From Markers to Manifolds
A configuration space for cell fate that biologists can run and mathematicians can analyze
On a good day in the lab you get what you planned for. On a better day you get what you planned for and you understand why. To understand what we are trying to achieve at CELL, the paper I want to anchor this with is by Sáez, Blassberg, Camacho-Aguilar, Siggia, Rand, and Briscoe, “Statistically derived geometrical landscapes capture principles of decision-making dynamics during cell fate transitions.” They take the familiar Waddington picture and turn it into a working instrument for stem cell fate. Not a poster. A model that can be built from flow data, fit to timed Wnt and FGF schedules, then used to forecast new schedules and the split of fates you will actually see on day three, four, five. That is rare and valuable. It is also the right starting point for a universal configuration space for molecular biology that is reproducible, interoperable, and robust across labs and organisms.
CELL is an open consortium that brings mathematical biology, biophysics, and computational biology together around a shared mathematical core.
The story in their hands is practical.
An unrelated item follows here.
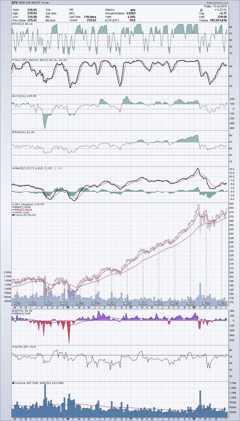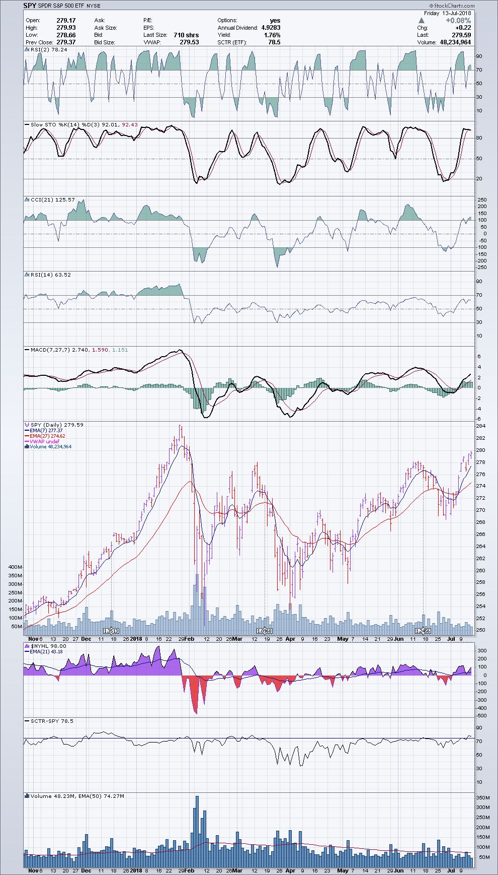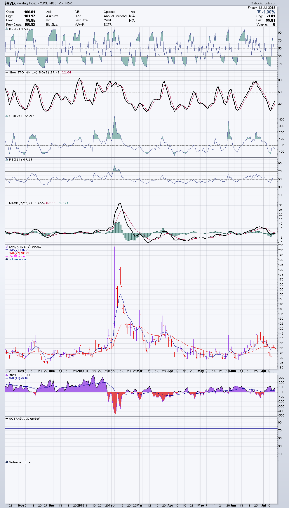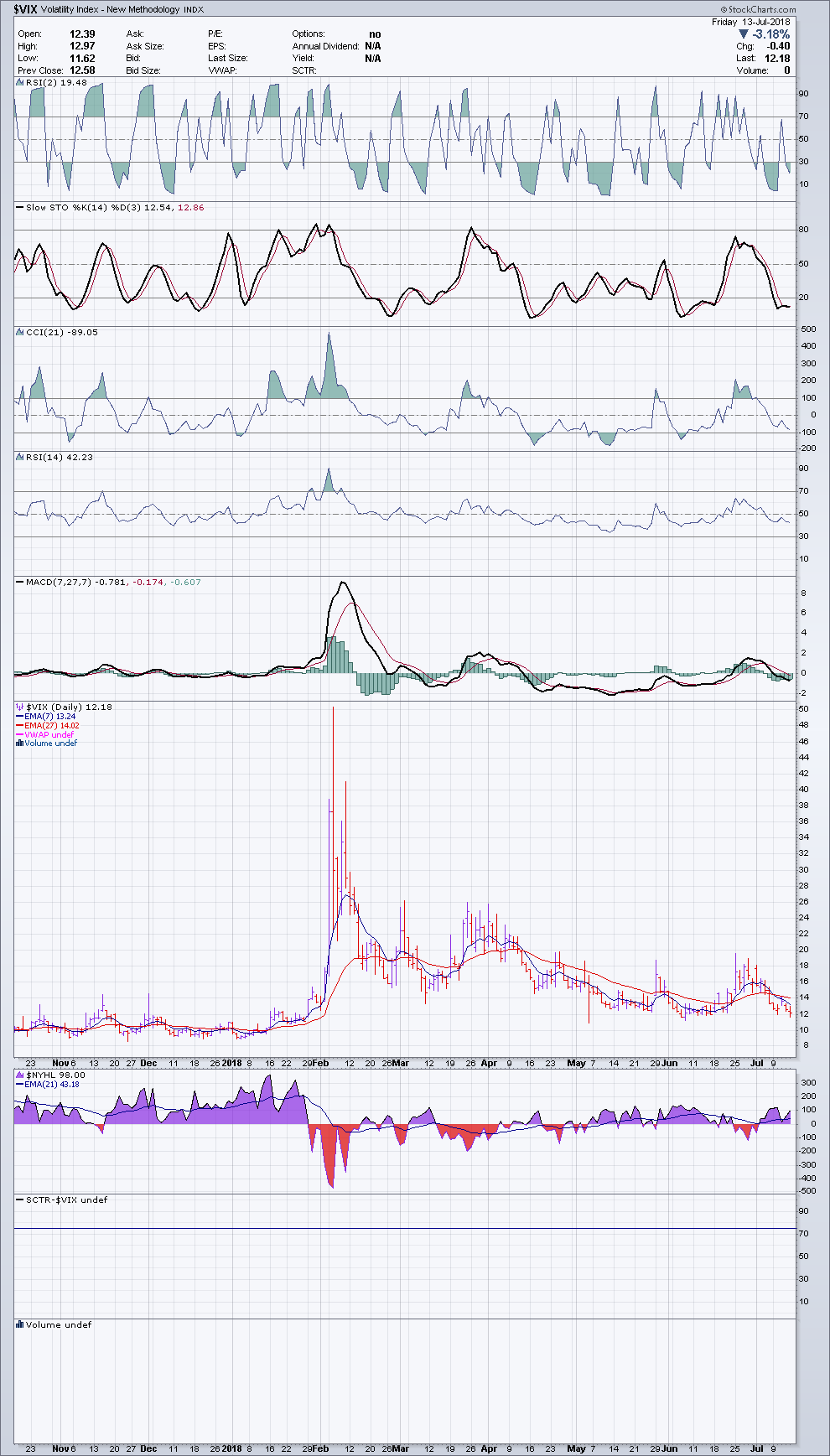 Le SPY a navigué la vingt-huitième semaine de 2018 avec des forts vents de poupe qui ont porté le SPY au niveau de 279.59 : le plus élevé depuis quatre mois. Mais depuis la fin de janvier, le SPY navigue une ample congestion à vocation haussière. Le VIX est positivement bas (Graphique 3 - le VIX va à l’envers du SPY). Le VVIX (volatilité du VIX – voir graphique 4) montre que l’ampleur des fluctuations du VIX est stable : ce qui en soi est un signe positif. La toile de fond du marché (la EMA7,27 – hebdo- graphique 2) est à la hausse. Le SPY avait atteint un sommet historique à 285,49 points le 26 janvier 2018. Conclusion sur cette semaine: le ciel bleu est de retour. Actuellement nos comptes restent orientés dans des FNB et BNB à haut rendement (entre 5 et 10% sur base annuelle) parce que ces produits actuellement sont en hausse de prix comme le reste du marché, générant une plus-value qui s’additionne aux rendements en dividendes. Dans les comptes en USD on continue de garder prudemment une partie de la liquidité dans FLOT, MINT, NEAR; mais aussi pour réduire la volatilité globale du portefeuille. Dans les comptes en dollars canadiens c’est le PSA ou similaires. En résumé, nos portefeuilles sont constitués en moyenne à 60% en FNB à revenu et le reste en FNB directif, avec une propension à un rééquilibrage à 50%. On augmente, où possible, le capital synthétiquement avec des stratégies d’options à cout pratiquement zéro. La gestion de portefeuille est toujours ad hoc pour chaque client. Mais on offre en plus, aux clients intéressés, des mini portefeuilles standardisés sur cinq approches spécifiques, basées, comme les portefeuilles en gestion ad hoc, sur des FNB : (Les frais de gestion par Charles K. Langford Inc. sont de 0,9 % du capital, par année (équivalent à $900 pour 100,000$). Le capital sous gestion est investi exclusivement en ETF, ETN et options). Parmi un groupe de titres, la semaine qui vient de se terminer a donné vendredi des signaux techniques d'achat à moyen terme et long terme pour les titres canadiens suivants. Signaux techniques de TENDANCE À la hausse à moyen terme À la hausse à long terme Marché canadien CCL/B.TO ARX.TO L’investisseur qui pense que le marché canadien actuel offre des occasions intéressantes à la hausse peut acheter des options call sur ARX, actuellement, vendredi, à 12.94$. Il peut en profiter avec le call 17 aout /12.00 à 2.96$ dont le delta est 0.98 avec un gamma de 0.03 (accélérateur du delta). Le profit sur le call devient 98% de celui de la hausse du titre à un prix qui est environ cinq fois inférieur au prix actuel du titre. Si le titre baisse, la perte maximale est la prime. SPY - Jour - 2018/07/13 SPY - Hebdo - 2018/07/13 VIX - Jour - 2018/07/13 VVIX - Jour - 2018/07/13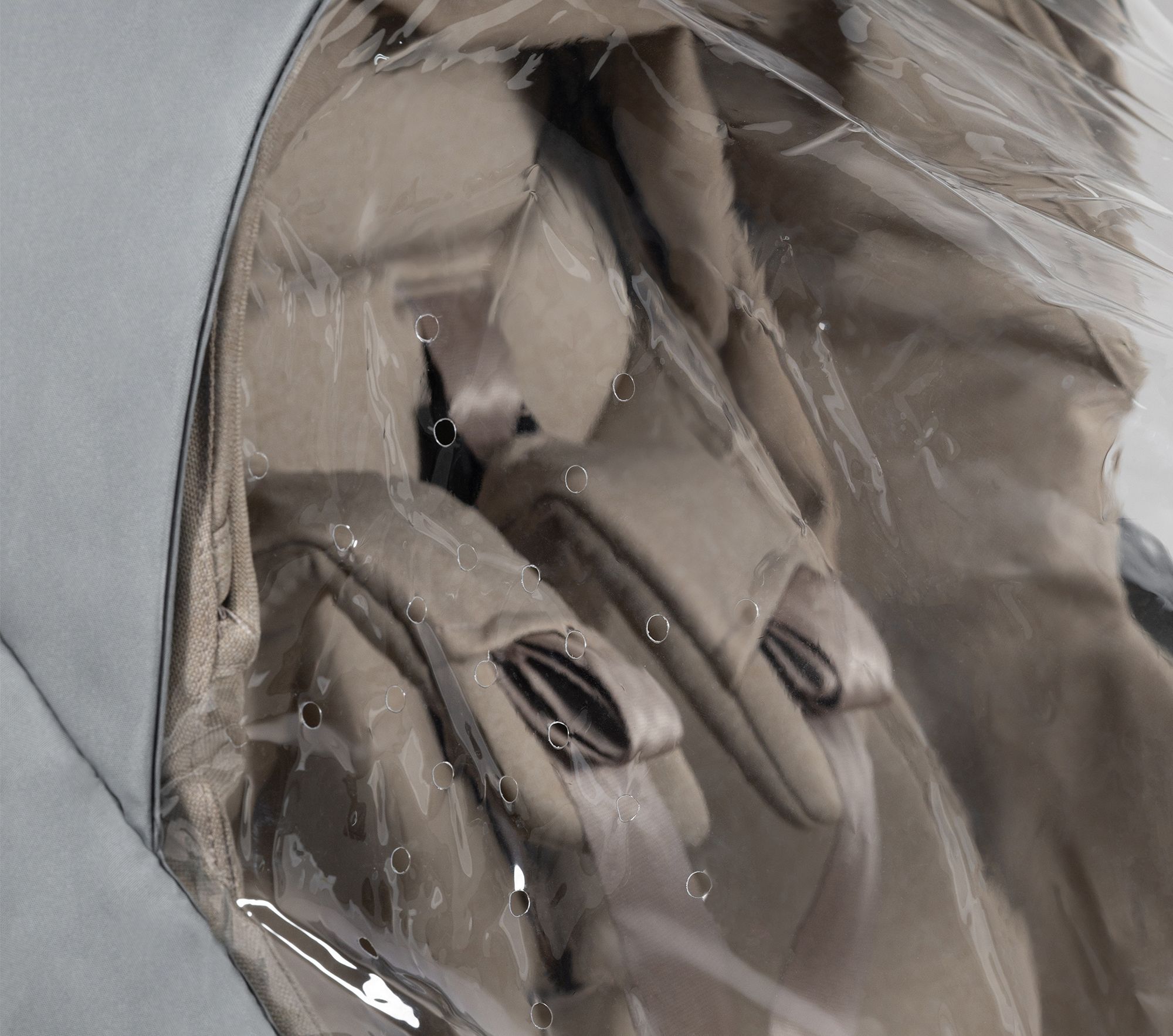 Traveling through an airport with a light rain shower, you protect the nesting seat and harness area while the cover’s pouch stores your handy small items for quick access.

Mouse ESCs are walked through an epiblast-like progenitor, then pushed toward anterior neural, posterior neural, or mesoderm under controlled Wnt and FGF programs. The authors measure a small set of markers by flow and imaging, call the major states without supervision, and treat these as attractors in a low dimensional landscape. You can see the itinerary in their schematic with CHIR and FGF bands that encode when signals are on or off, and the fate identities that dominate at day five. OTX2 sits high in anterior neural. CDX2 marks caudal epiblast and posterior neural. TBX6 then FOXC2 capture early and late mesoderm. The link from markers to attractors is made concrete in their clustering analysis where mixture components line up with cell types and the sharp change in local marker correlations reveals the edges between basins. Those boundaries behave like separatrices (the boundary that divides basins of attraction), not vague gradations, which is exactly what a landscape predicts when cells pass between stable states.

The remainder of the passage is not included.